--- Information shown ---

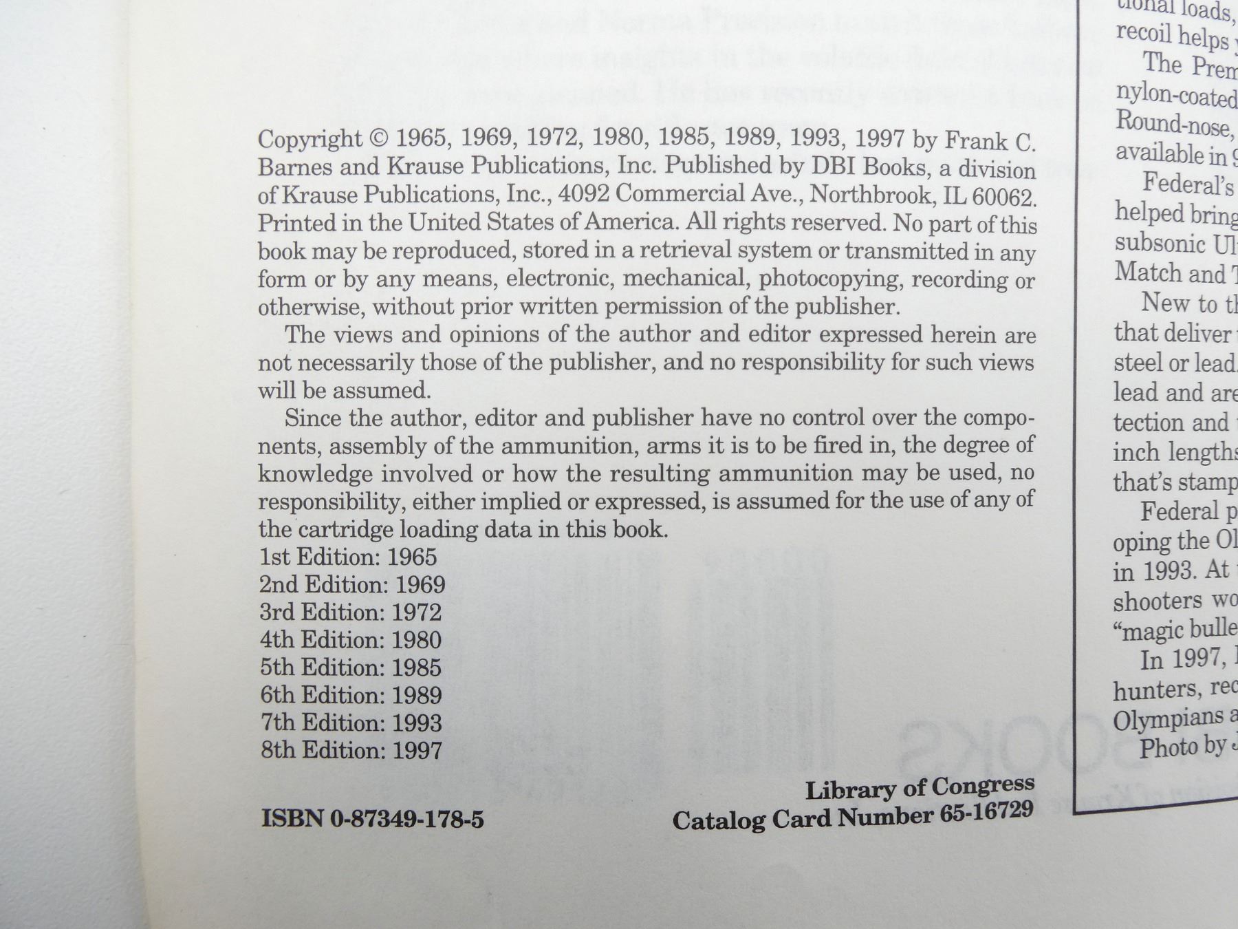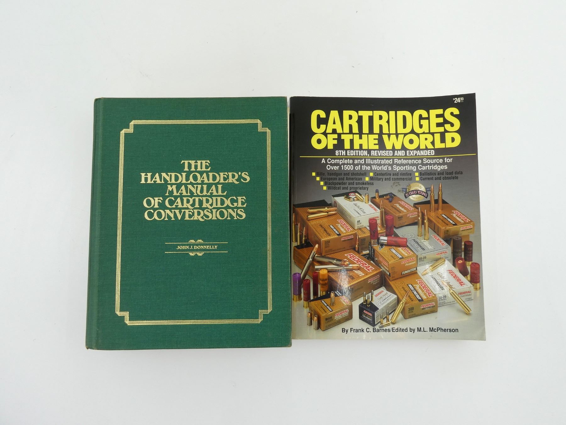 LOT INCLUDES; (1) "CARTRIDGES OF THE WORLD, 8TH EDITION" BOOK, BY FRANK C. BARNES, SOFT COVER, ISBN: 0-87349-178-5 & (1) "THE HANDLOADER'S MANUAL OF CARTRIDGE CONVERSIONS" BOOK BY JOHN J. DONNELLY, HARD COVER, ISBN: 0-88317-138-4. SEE PHOTOS.
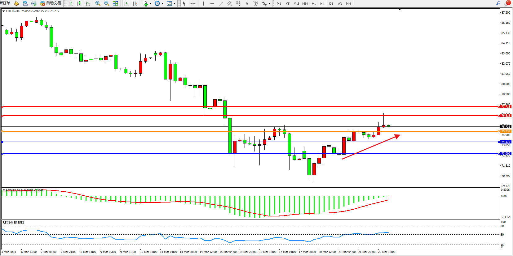 交易策略:75.233上方看涨,目标76.816  77.715
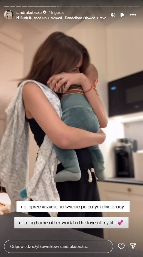 Ostatnio na Instagramie Sandra pokazała bardzo zabiegany dzień. Miała wtedy między innymi sesję zdjęciową, do której musiała się odpowiednio przygotować. Całe przedsięwzięcie chwilę trwało. Po wszystkim wróciła do mieszkania, gdzie czekał już na nią ukochany Leoś. Kobieta opublikowała w sieci wzruszające nagranie, jak przytula się z synkiem. Podpisała je: „najlepsze uczucie na świecie po całym dniu pracy”.

--- What the task requires ---
Exactly as written, repeat the lines of the material above from the first through the line holding "交易策略:75.233上方看涨,目标76.816  77.715", with both ends in the copy and no pictures.

--- Result below ---
 LOT INCLUDES; (1) "CARTRIDGES OF THE WORLD, 8TH EDITION" BOOK, BY FRANK C. BARNES, SOFT COVER, ISBN: 0-87349-178-5 & (1) "THE HANDLOADER'S MANUAL OF CARTRIDGE CONVERSIONS" BOOK BY JOHN J. DONNELLY, HARD COVER, ISBN: 0-88317-138-4. SEE PHOTOS.
 交易策略:75.233上方看涨,目标76.816  77.715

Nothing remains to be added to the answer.